A grammar self-index of a text
- C++ >= 17
- CMake >= 3.7
- SDSL-lite
The xxHash library is already included in the source files. We include a CMake module that will search for the local installation of the SDSL-library. No need to indicate the path during the compilation.
Clone repository, enter the project folder and execute the following commands:
mkdir build
cd build
cmake ..
make
./lpg index tests/sample_file.txt
The command above will produce the file sample_file.txt.lpg_idx
The current implementation expects a string ending with the null '\0' character. If you have a collection rather than a single string, you need to concatenate the input into one sequence and then append '\0'. Notice that the program will crash if '\0' appears in other places of the file different from the end.

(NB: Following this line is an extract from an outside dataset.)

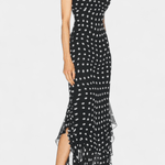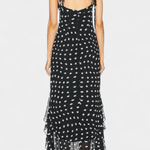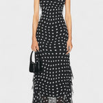 Den Signe-kjole betegner en tidløs fusion af romantik og håndværk. Creme og sorte prikker møder let chiffon-flæser, der bevæger sig med hver gestus og tilfører tekstur til en klassisk silhuet. Håndværket afspejler materialer udvalgt til langvarig kvalitet – en investering i garderobens varige elegance. Justerbare bindebåndsstropper og et aftageligt sjal giver personlig styling, mens den skjulte lynlås i ryggen sikrer et rent, poleret snit. En begrænset serie gør Signe til en ægte samlerappel af tidløs design og håndværksmæssig dygtighed.

Assuming you are in the folder build
inside the repository. You can run a search example as:
./lpg search sample_file.txt.lpg_idx -F ../tests/sample_file.rand_pat_100_10
The -F
flag expects a file with the pattern list (one element per line). Alternatively, you can use --p
to pass a pattern
in place. The in-place option can take multiple inputs. For instance, --p pat1 pat2 pat3 ..
or
--p pat1 --p pat2 --p pat3
. The options -F
and --p
are complementary, meaning that the program will search for
the combined pattern collection.
The -r
flag in the command line will report the number of occurrences and the elapsed time individually per input
pattern. If you do not use this flag, the program will print the sum of all the pattern occurrences and the total
elapsed time to get them.
This repository is a legacy implementation that has yet to be tested in massive inputs. If you find bugs, please report them here.
If you use this code, please cite the following paper:
Díaz-Domínguez, D., Navarro, G., & Pacheco, A..
An LMS-based grammar self-index with local consistency properties.
In Proc. 28th Symposium on String Processing and Information (SPIRE 2021).